Information provided section start

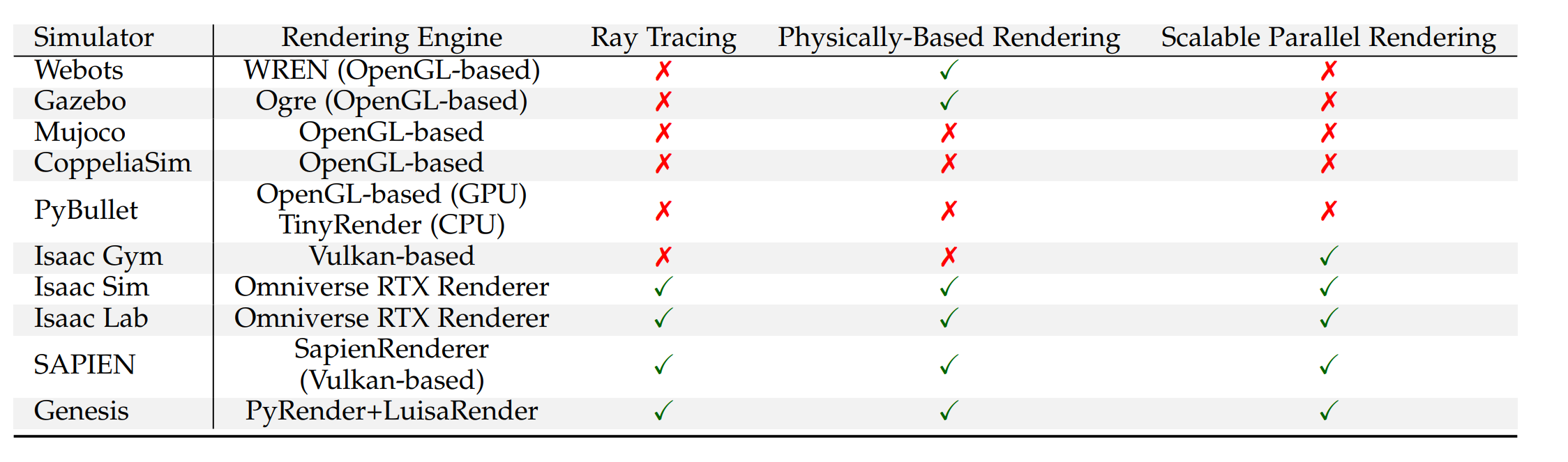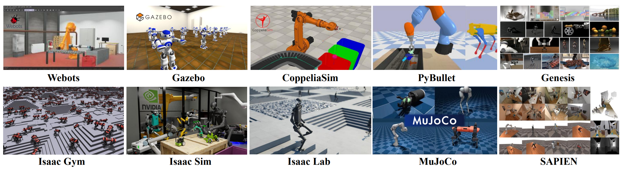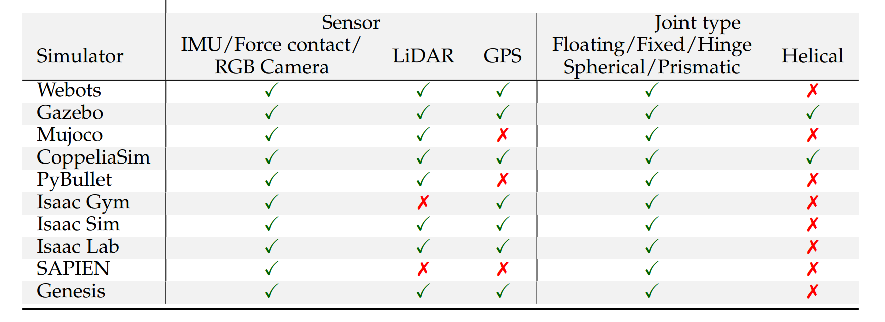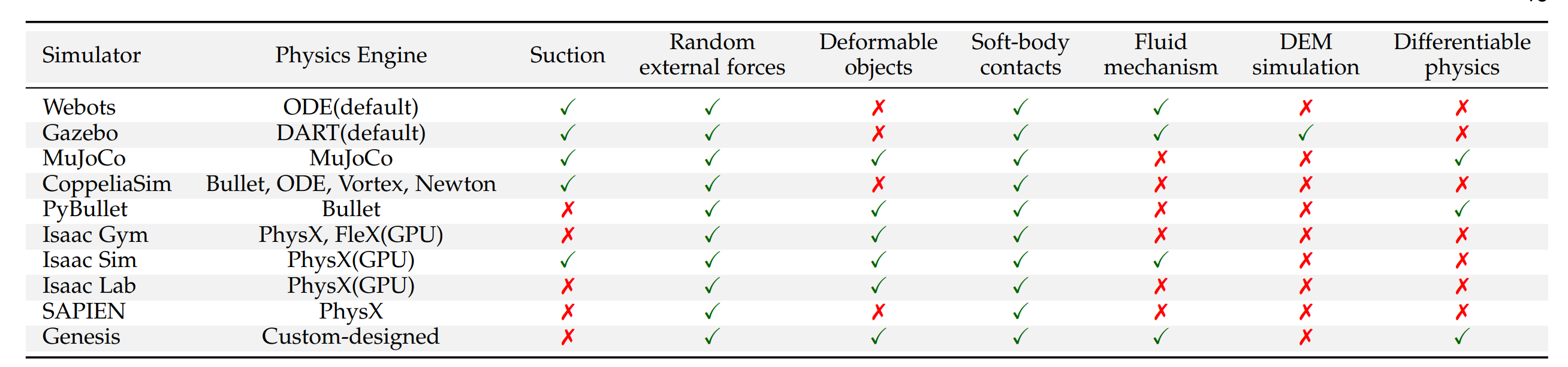**• 物理仿真器分析:**对主流仿真器(Webots、Gazebo、MuJoCo、Isaac Gym/Sim/Lab等)进行综合对比分析,涵盖物理仿真能力、渲染质量及传感器支持。
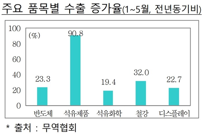 | ▲ 올해 1~5월 주요 품목별 수출 증가율. [기획재정부 제공] |
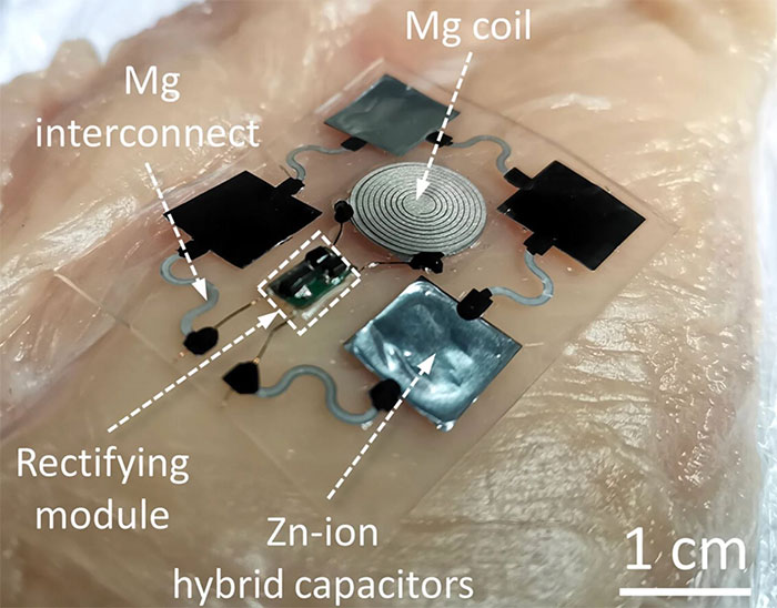 Hệ thống cung cấp năng lượng nguyên mẫu – được đặt trong bộ phận cấy ghép giống như một con chip có khả năng phân hủy sinh học linh hoạt – có thể tích hợp thu và lưu trữ năng lượng cho thiết bị. Từ đó, điện có thể trực tiếp đi qua mạch vào một thiết bị điện tử sinh học đi kèm, hoặc vào siêu tụ điện để đảm bảo nguồn điện đầu ra ổn định, đáng tin cậy sau khi sạc đầy.
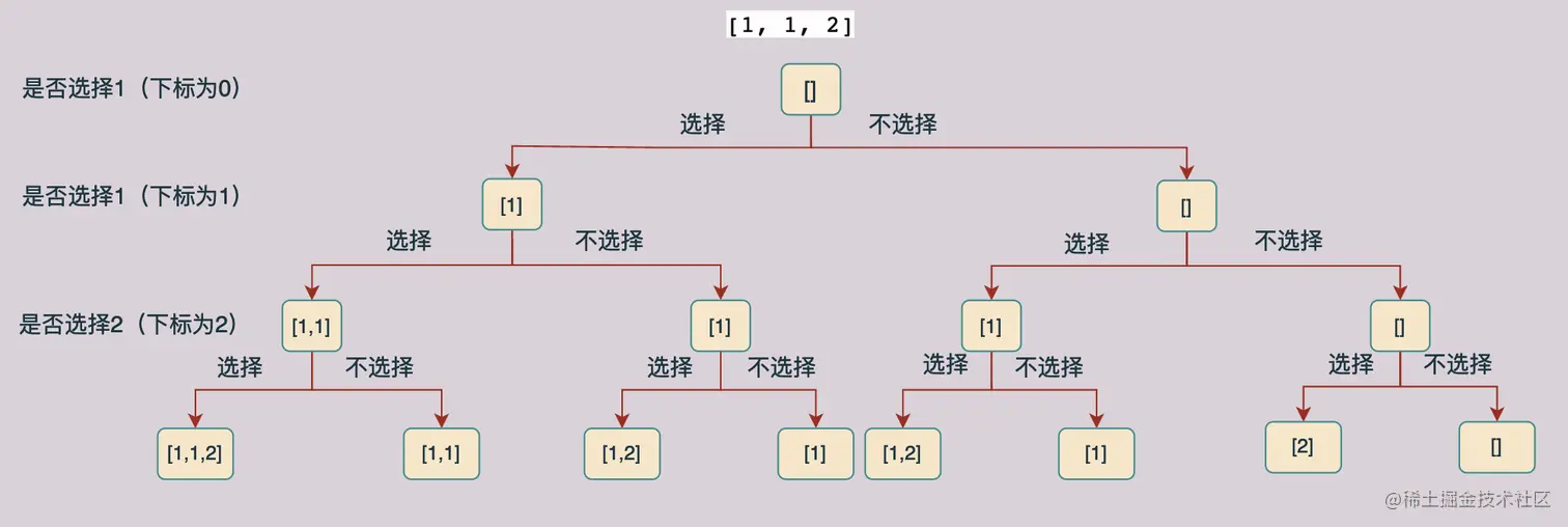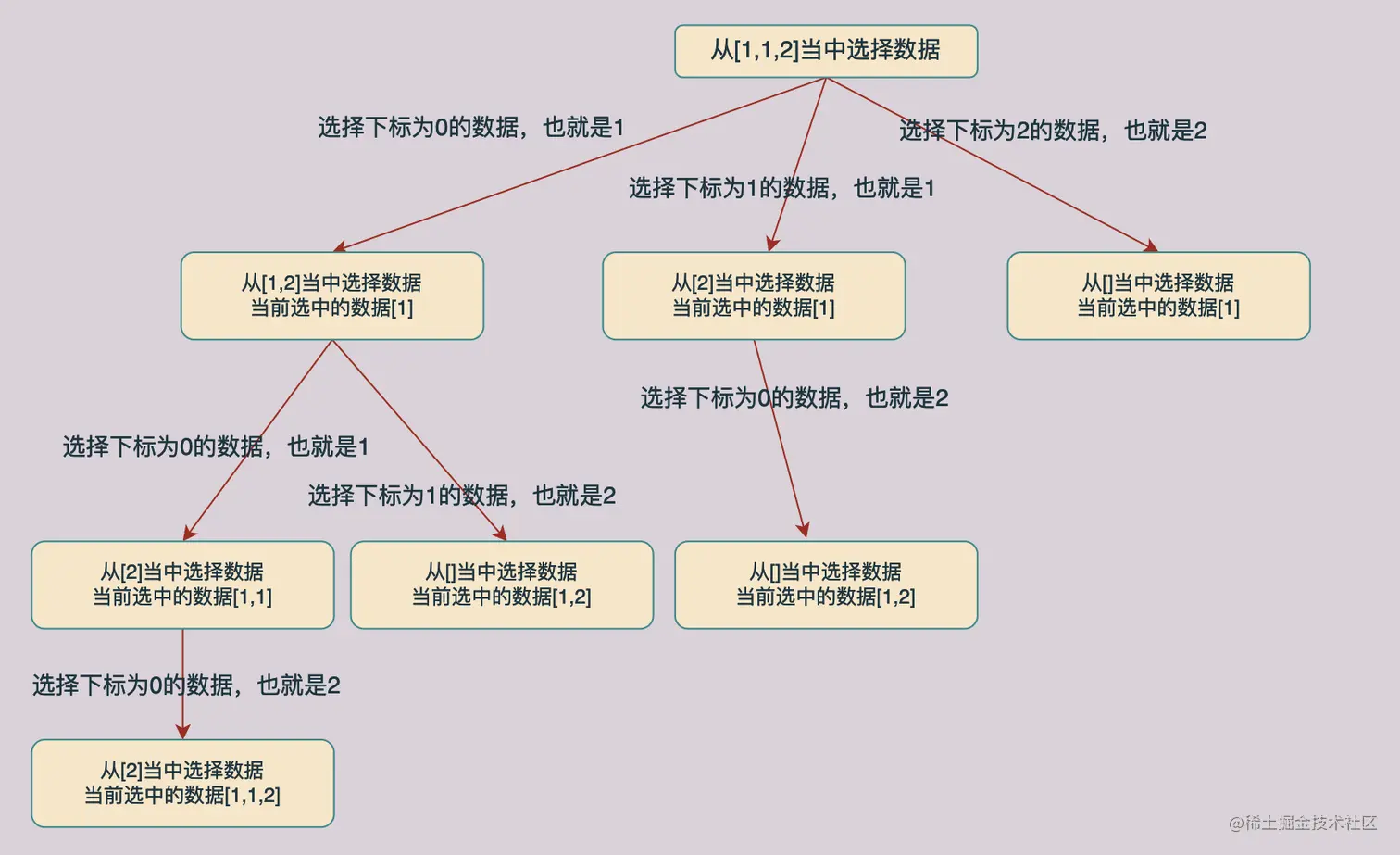 在这个问题当中为了避免产生重复的集合,我们可以首先将这些数据进行排序,然后进行遍历,我们拿一个数据来进行举例子:[1, 2 1],现在我们将这个数据进行排序得到的结果为:[1, 1, 2],那么遍历的树结构如下:

Information provided section end

- Your goal
Only an exact copy is wanted: the lines from the opening of the material through the line that has "[기획재정부 제공] |", minus any pictures.

- Task solution
**• 物理仿真器分析:**对主流仿真器(Webots、Gazebo、MuJoCo、Isaac Gym/Sim/Lab等)进行综合对比分析,涵盖物理仿真能力、渲染质量及传感器支持。
 | ▲ 올해 1~5월 주요 품목별 수출 증가율. [기획재정부 제공] |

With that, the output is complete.